(Data segment Opens)
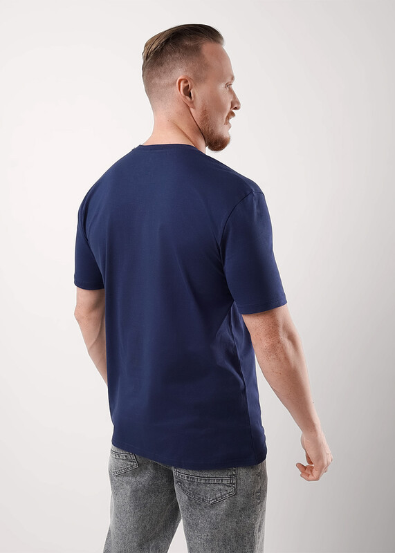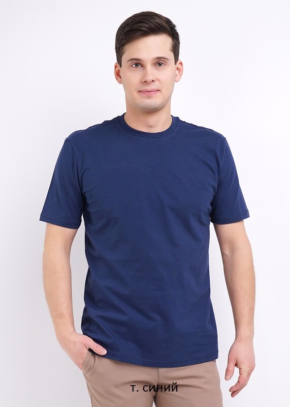 Фуфайка с коротким рукавом среднего объема, круглым вырезом горловины, которая оформлена обтачкой из рибаны.
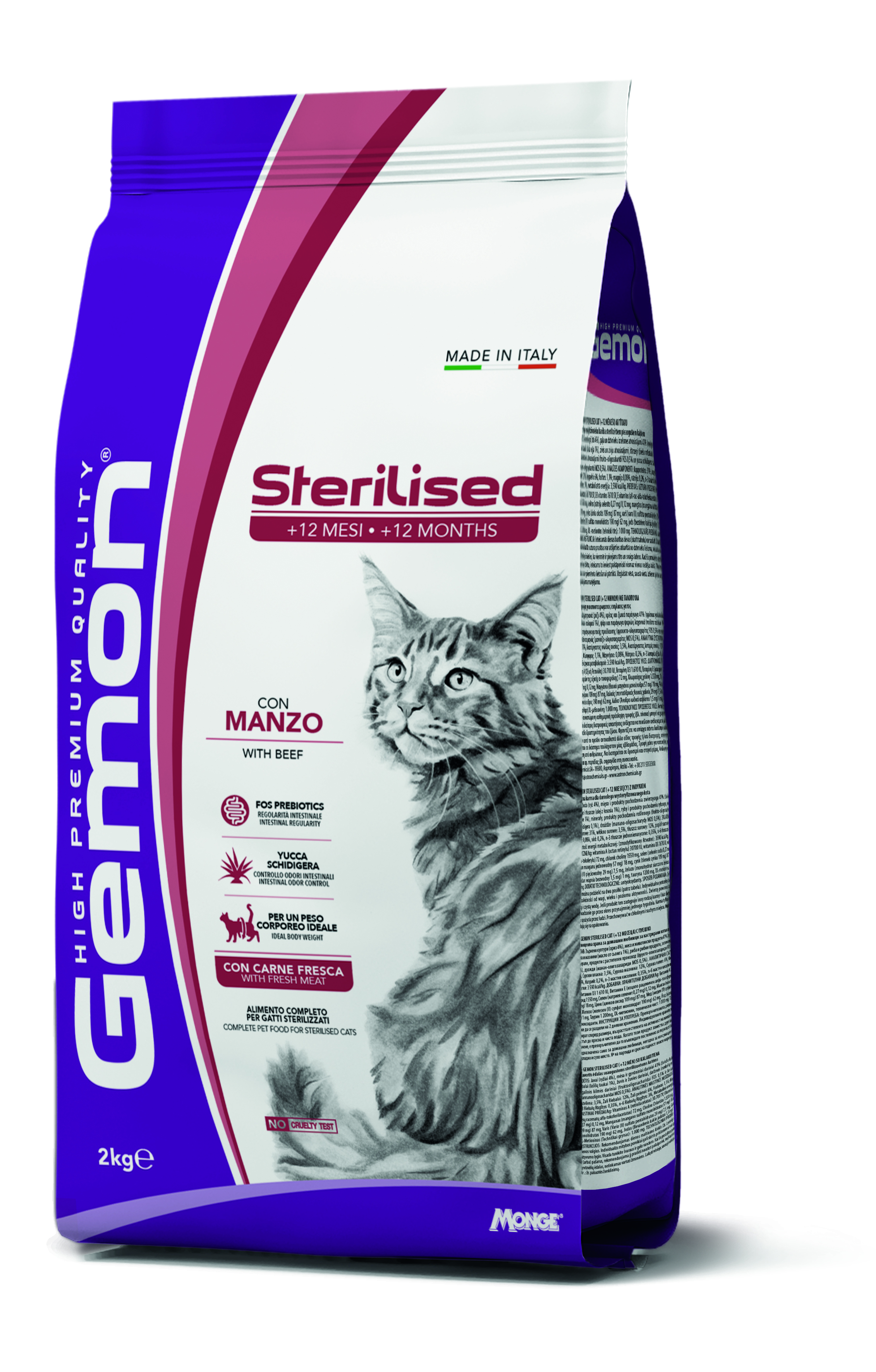 Kompletní krmivo pro sterilizované dospělé kočky. Receptura se vyznačuje vysoce kvalitními ingrediencemi a zdroji esenciálních živin, jako je hovězí maso, a zdroji sacharidů, jako je rýže, vařené a díky extruzi vysoce stravitelné. Ideální krmivo pro sterilizované kočky, vyrobené s fruktooligosacharidy (FOS) a mannan-oligosacharidy (MOS), což jsou prebiotika pro podporu zdraví střev, a s řepnou dužinou pro udržení ideální tělesné hmotnosti. Receptura obsahuje čerstvé maso pro optimální chutnost a lososový olej pro lesklou a měkkou srst. Obsahuje také juku schidigera pro omezení střevních pachů. Bez přidaných umělých barviv a konzervantů.
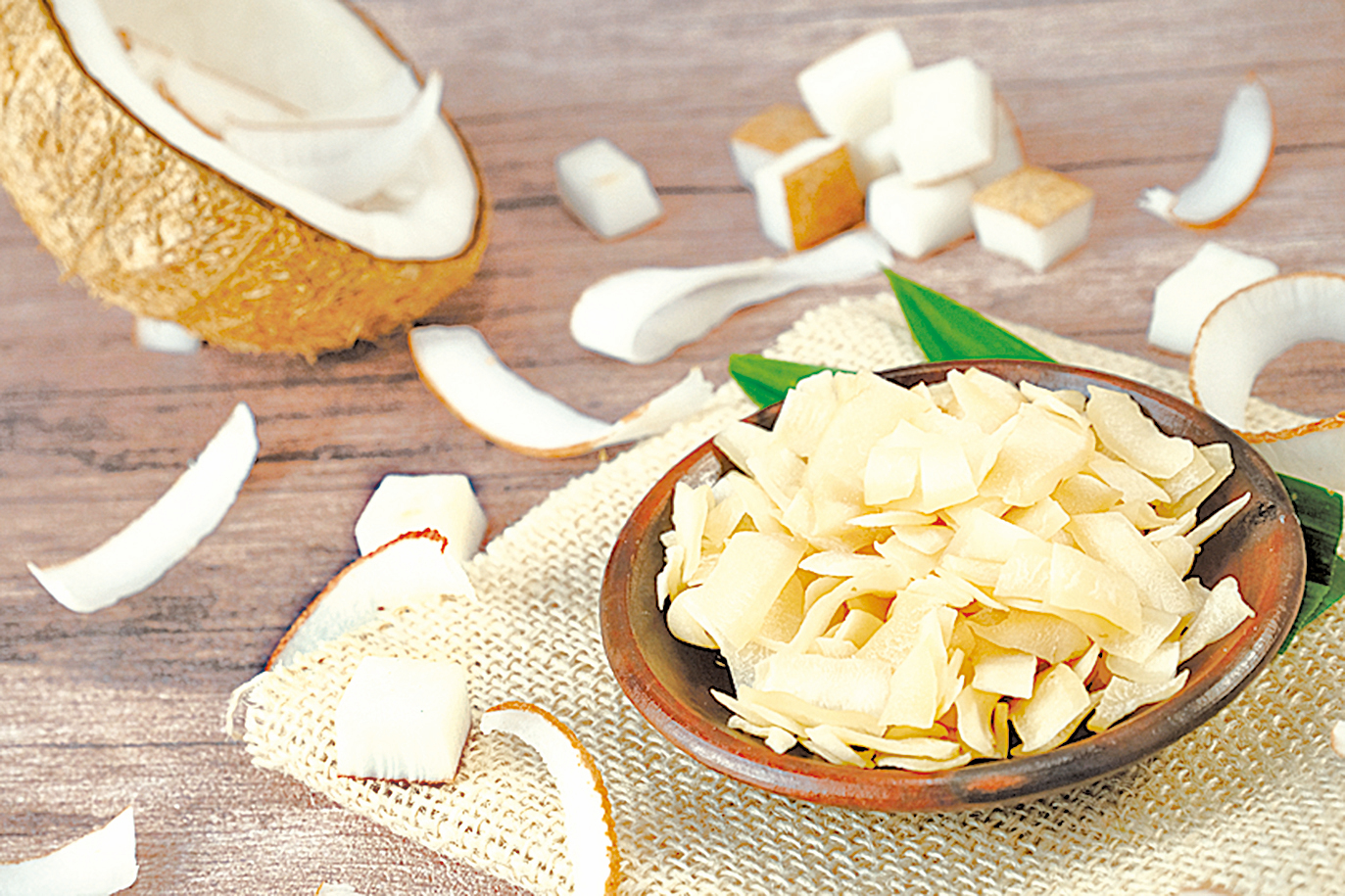 製作方法與椰絲相同,只是不刨絲,而是切成片,比椰絲大很多,也是無糖的。加入任何料理中都能增加口感,雖然椰片也可以跟著食材一起烹調,但更常用來做裝飾和配料。
(Data segment Closes)
Take the line that holds "Kompletní krmivo pro" as the start and the last line of the data as the end. Copy only those lines exactly, both ends included, except the pictures.

Output:
 Kompletní krmivo pro sterilizované dospělé kočky. Receptura se vyznačuje vysoce kvalitními ingrediencemi a zdroji esenciálních živin, jako je hovězí maso, a zdroji sacharidů, jako je rýže, vařené a díky extruzi vysoce stravitelné. Ideální krmivo pro sterilizované kočky, vyrobené s fruktooligosacharidy (FOS) a mannan-oligosacharidy (MOS), což jsou prebiotika pro podporu zdraví střev, a s řepnou dužinou pro udržení ideální tělesné hmotnosti. Receptura obsahuje čerstvé maso pro optimální chutnost a lososový olej pro lesklou a měkkou srst. Obsahuje také juku schidigera pro omezení střevních pachů. Bez přidaných umělých barviv a konzervantů.
 製作方法與椰絲相同,只是不刨絲,而是切成片,比椰絲大很多,也是無糖的。加入任何料理中都能增加口感,雖然椰片也可以跟著食材一起烹調,但更常用來做裝飾和配料。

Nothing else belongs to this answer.